- _WHAT NEEDS TO BE DONE_: Would you give the listing again exactly as written, minus its pictures?

- _INFORMATION SUPPLIED_:
★ ★ ★ ★ ★ ★ ★
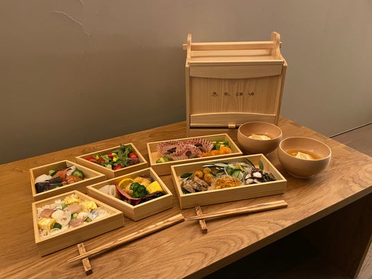 小豆島に古くから伝わるお弁当。割子弁当の「わりご」とは「農村歌舞伎」を見物する際に家族の弁当を入れていく木箱のこと。メニューにはオリーブをあしらった創作郷土料理をご提供いたします。小豆島の食文化を、香川のヒノキ材で作った自家製のわりごで召し上がれ。(協力:創作郷土料理 ?)
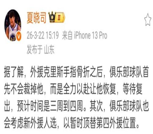 山东男篮本赛季的目标是冲击前八,赛季初期他表现不佳,但随后开始提升,并且保持在前四的位置,然而现在他们迎来了困难,根据山东媒体报道,克里斯由于手部出现了骨折情况,需要至少休息4周时间,常规赛基本确定报销,球队方面考虑寻找新的外援来进行补充。
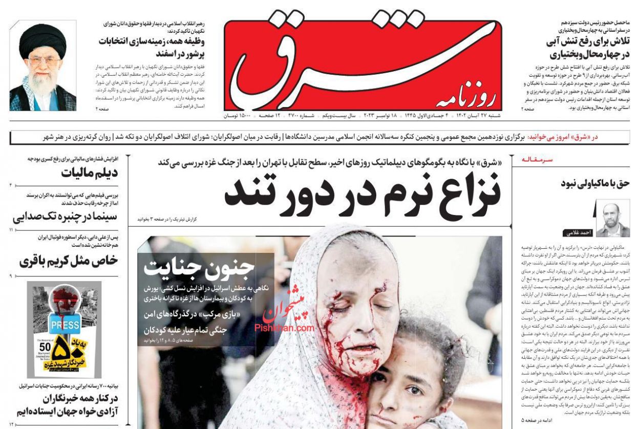 عناوین اخبار روزنامه شرق در روز شنبه ۲۷ آبان
★ ★ ★ ★ ★ ★ ★
- _SOLUTION BELOW_:
 小豆島に古くから伝わるお弁当。割子弁当の「わりご」とは「農村歌舞伎」を見物する際に家族の弁当を入れていく木箱のこと。メニューにはオリーブをあしらった創作郷土料理をご提供いたします。小豆島の食文化を、香川のヒノキ材で作った自家製のわりごで召し上がれ。(協力:創作郷土料理 ?)
 山东男篮本赛季的目标是冲击前八,赛季初期他表现不佳,但随后开始提升,并且保持在前四的位置,然而现在他们迎来了困难,根据山东媒体报道,克里斯由于手部出现了骨折情况,需要至少休息4周时间,常规赛基本确定报销,球队方面考虑寻找新的外援来进行补充。
 عناوین اخبار روزنامه شرق در روز شنبه ۲۷ آبان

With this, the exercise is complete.